Journal Ed. note: Mollie's father, "Gramp," was David Moyer, who married Florence Wood in Hamilton on May 24, 1911. So he was technically her stepfather but he obviously had a strong influence in her life, more than her birth father, whose identity is a mystery. Dave died in 1969 at age 97 and Florence died in 1965 at age 85; both are buried in the Hamilton cemetery. David had three children by his former wife, including Gertrude, Chester and Vinnie, who also lived into her 90s. Dave also moved his family West, from Arkansas, in 1900 and he went to work as a logger for the Lyman Timber Company.

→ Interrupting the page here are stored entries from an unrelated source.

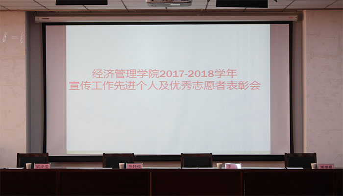 10月16日中午,学院于明向校区经管楼二层报告厅召开2017-2018学年宣传工作先进个人及优秀志愿者表彰大会。院党委书记李玮、院党委副书记杨振东、副院长陈怀超、学工办主任梁泽莹以及全体辅导员、学生干部和“三创赛”志愿者参加表彰会。大会由梁泽莹主持。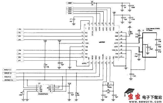 图2是有源标签的基本框图,其中电池可采用普通的3V纽扣电池,图3是射频收发电路的原理图,ANT1和ANT2为天线连接引脚,采用PCB环形差分天线,可以进一步减小标签的体积。25320为EEPROM,在nRF9E5上电后,系统根据引导程序,把25320中的程序代码拷贝到nRF9E5的4KB RAM中。晶振工作频率为16MHz,为了得到精确的内部偏置电压,通常在引脚IREF和地之间接一个阻值为22kΩ,误差为1%的电阻。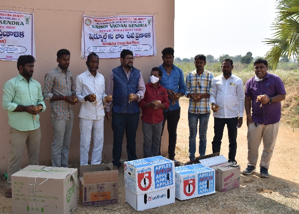 Krishi Vigyan Kendra, Bellampalli, Mancherial District distributed Backyard Poultry Birds, Rajasri (6 week old) to the tribal farmers and Scheduled caste farmers of both Mancherial & KB Asifabad districts under Tribal Sub Plan (TSP) and Scheduled Castes Sub Plan respectively on 11th January, 2021 at Instructional Farm of KVK, Bellampalli. Keeping in view of doubling the farmers income in Agriculture and Allied sectors, the adopted villages of KVK, Bellampalli under TSP and SCSP were selected with the concern of the respective village Sarpanches and with the Gram Panchayat Resolution viz., Manneguda of Nennel Mandal, Lambadithanda - K of Kasipet mandal, Perkapalli (L.T) of Bellampalli mandal, Elkeshwaram of Bheemaram mandal, Kistampet of Chennur mandal, Pulimadugu of Mandamarri mandal of Mancherial district and Pangidimadaram, Bheemgiguda and Geethanagar villages of Tiryani mandal of KB Asifabad district (Aspirational) under Tribal Sub Plan. In the same way, Malagurijala, Rangapet and Dugnepalli villages of Bellampalli mandal, Boyapalli village of Thandur mandal, Manneguda and Gundlasomaram villages of Nennel mandal of Mancherial district were selected under Scheduled Castes Sub Plan. Dr. M. Rajeshwar Naik, Programme Coordinator, KVK, Bellampalli addressed the tribal farmers and SC farmers on the main objective of distributing the backyard poultry birds/homestead poultry farming to rural families is to create a lucrative source of supplementary income by involving low investment, yields high economic returns and can be easily managed by women and children. In addition to this, the eggs and meat acts as a rich source of protein and energy for poor households. For this programme, Dr. Shivakrishna Kota, SMS (Agricultural Extension), Sri A. Nagaraju, SMS (Plant Protection), Dr. I. Thirupathi, SMS (Crop Production), Smt U. Sravanthi, SMS (Horticulture) and Sarpanches of respective villages and the 125 No. of beneficiary tribal farmers and 30 No. of scheduled castes farmers were attended.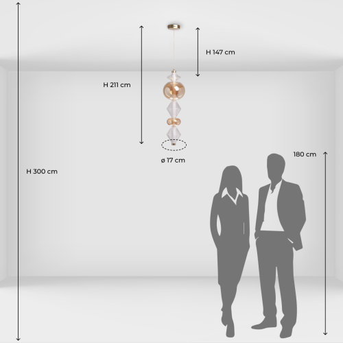 Подвесной светильник с вертикальной композицией из прозрачных и янтарных стеклянных шаров и ромбов Gabriel Scott Luna в Сочи

Mollie's maternal grandfather, Malcolm Wood, moved Florence and Mollie and other members of his family from Haywood County, North Carolina in 1908 and they settled on land across the river from Hamilton, where a school was also built.
      Many thanks to Carol Bates, for the information from official records and descendant memories in her book, Hamilton 100 years, that helped me sort out the genealogy of this very complicated family tree. Dave's former wife remarried to Irving Cary, a son of another pioneer Hamilton family, and in other Mollie stories linked below you will find many of Mollie's memories about the Carys.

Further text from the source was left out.